● **Your objective**: Wherever an image appears in the data, omit it and copy all the remaining text word for word.

● **Information shown**:
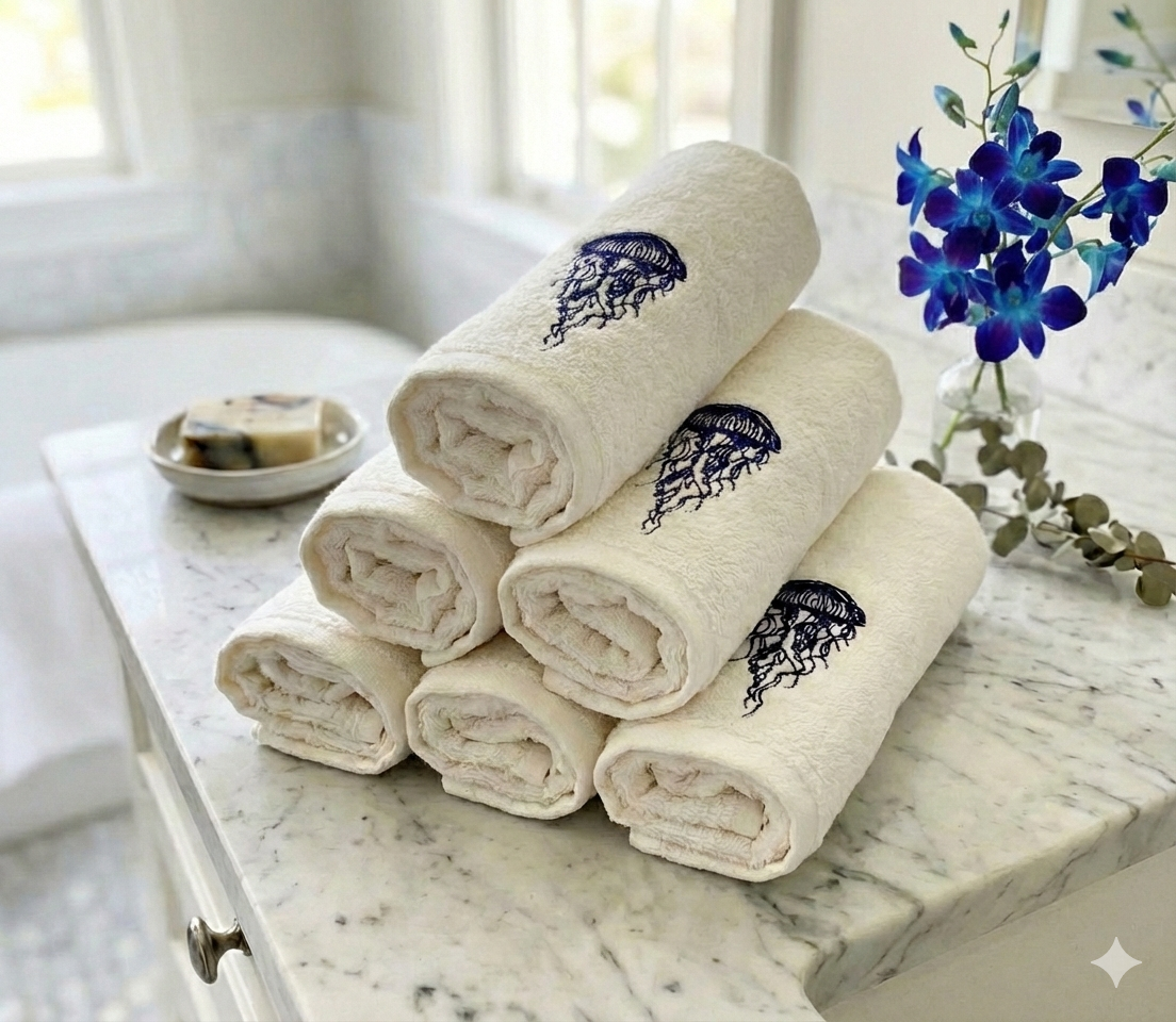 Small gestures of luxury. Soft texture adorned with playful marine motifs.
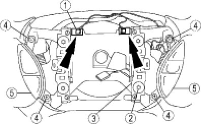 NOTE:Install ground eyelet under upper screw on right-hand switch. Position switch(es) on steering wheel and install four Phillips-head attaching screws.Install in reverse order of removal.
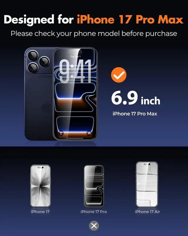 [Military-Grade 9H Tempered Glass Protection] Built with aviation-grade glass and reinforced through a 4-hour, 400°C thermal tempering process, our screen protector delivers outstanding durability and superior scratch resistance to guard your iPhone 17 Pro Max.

● **Completed exercise**:
 Small gestures of luxury. Soft texture adorned with playful marine motifs.
 NOTE:Install ground eyelet under upper screw on right-hand switch. Position switch(es) on steering wheel and install four Phillips-head attaching screws.Install in reverse order of removal.
 [Military-Grade 9H Tempered Glass Protection] Built with aviation-grade glass and reinforced through a 4-hour, 400°C thermal tempering process, our screen protector delivers outstanding durability and superior scratch resistance to guard your iPhone 17 Pro Max.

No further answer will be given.